Differences developed between the Minnesota groups and the central offices of Neurotics Anonymous. The Minnesota Intergroup Association separated from Neurotics Anonymous on July 6, 1971. After unsuccessful attempts to reconcile differences with Neurotics Anonymous, the Minnesota groups later adopted the name Emotions Anonymous. They wrote to Alcoholics Anonymous World Services for permission to use the Twelve Steps and Twelve Traditions. Permissions were granted. Emotions Anonymous officially filed articles of incorporation on July 22, 1971.

Misconceptions

Purpose 
EA is not intended to be a replacement for psychotherapy, psychiatric medication, or any kind of professional mental health treatment. People may find useful as a complement to mental health treatment, as a personal means to better mental health in general, or when psychiatric treatment is not available or they have resistance to psychiatric treatment.  EA does not attempt to coerce members into following anyone's advice.

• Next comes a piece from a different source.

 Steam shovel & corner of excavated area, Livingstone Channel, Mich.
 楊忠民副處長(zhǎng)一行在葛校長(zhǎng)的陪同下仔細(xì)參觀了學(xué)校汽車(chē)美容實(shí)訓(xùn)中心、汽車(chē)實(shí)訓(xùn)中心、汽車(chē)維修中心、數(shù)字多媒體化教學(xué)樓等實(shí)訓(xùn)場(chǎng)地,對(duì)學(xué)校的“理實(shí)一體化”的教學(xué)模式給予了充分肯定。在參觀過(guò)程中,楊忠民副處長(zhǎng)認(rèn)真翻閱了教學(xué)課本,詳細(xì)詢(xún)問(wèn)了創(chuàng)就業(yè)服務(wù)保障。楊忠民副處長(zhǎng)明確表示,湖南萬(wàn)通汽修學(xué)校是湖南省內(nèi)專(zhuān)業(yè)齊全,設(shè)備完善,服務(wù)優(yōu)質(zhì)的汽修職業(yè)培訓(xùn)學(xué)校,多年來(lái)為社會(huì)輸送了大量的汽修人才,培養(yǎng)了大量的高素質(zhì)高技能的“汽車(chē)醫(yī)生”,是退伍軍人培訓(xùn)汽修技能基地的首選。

Intellectual disabilities and hospitalization 
Jim Voytilla of the Ramsey County, Minnesota, Human Services Department created EA groups for intellectually disabled substance abusers in 1979. Voytilla noted when this particular demographic of substance abusers attended AA meetings in the surrounding community, they felt uncomfortable and made others attending the meetings uncomfortable. Voytilla's EA meetings were created to avoid these problems, and address the illnesses of his clients other than substance abuse. Since then, four articles have narrowly defined EA as a program specifically for mentally retarded or intellectually disabled substance abusers. In a similar way, EA has also been incorrectly described as an organization either specifically or primarily for those who have been discharged from psychiatric hospitals.

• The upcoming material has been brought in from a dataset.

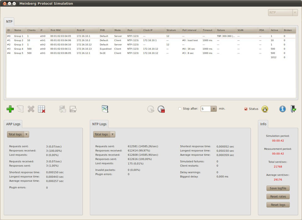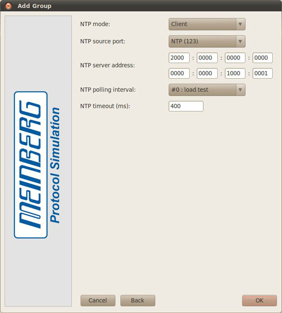 Mit der hier dargestellten Konfiguration erstellt der Benutzer NTP Clients im Load Test Modus. Im Load Test Modus stellt ein
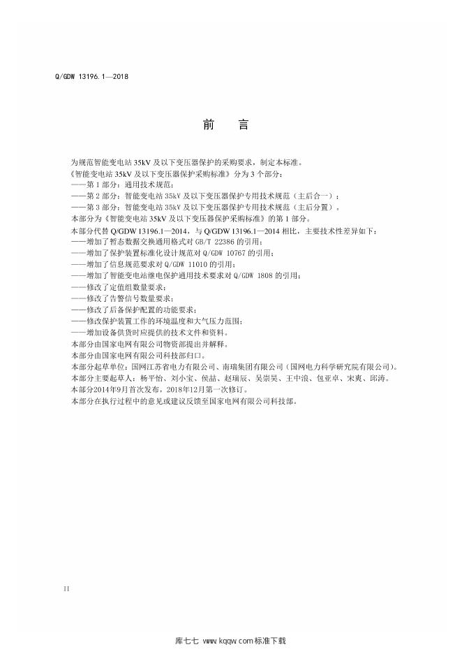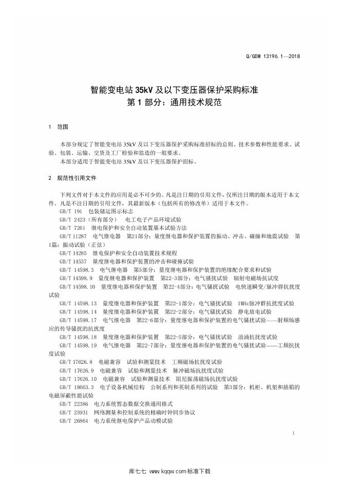 Q/GDW 13196.1-2018 智能变电站35kV及以下变压器保护采购标准 第1部分:通用技术规范

EA does not discriminate against any demographic. All that is needed to join EA is a desire to become emotionally well. EA is not, and never has been, a program specifically for people of any particular background or treatment history. It is not uncommon for individuals in recovery from addictions or former patients in psychiatric hospitals to seek help in EA after being discharged.

Processes 
 For more details on this topic, see Self-help groups for mental health: Group processes and Twelve-step program: Process

Emotions Anonymous views mental and emotional illness as chronic and progressive, like addiction. EA members find they "hit bottom" when the consequences of their mental and emotional illness cause complete despair. Twelve-step groups symbolically represent human structure in three dimensions: physical, mental, and spiritual. The illnesses the groups deal with are understood to manifest themselves in each dimension. The First Step in each twelve-step group states what members have been unable to control with their willpower. In some cases the emphasis is on the experience in the physical dimension; in AA the First Step suggests admitting powerlessness over alcohol, in Overeaters Anonymous (OA) it is powerlessness over food. In other groups the First Step emphasizes the experience in the mental dimension; in NA the First Step suggests admitting powerlessness over addiction, in EA (as well as Neurotics Anonymous), it is powerlessness over emotions. Emotions Anonymous focuses on deviant moods and emotions, not just a craving for mood alteration. The subjective experience of powerlessness over one's emotions can generate multiple kinds of behavioral disorders, or it can be a cause of mental suffering with no consistent behavioral manifestation (such as affective disorders).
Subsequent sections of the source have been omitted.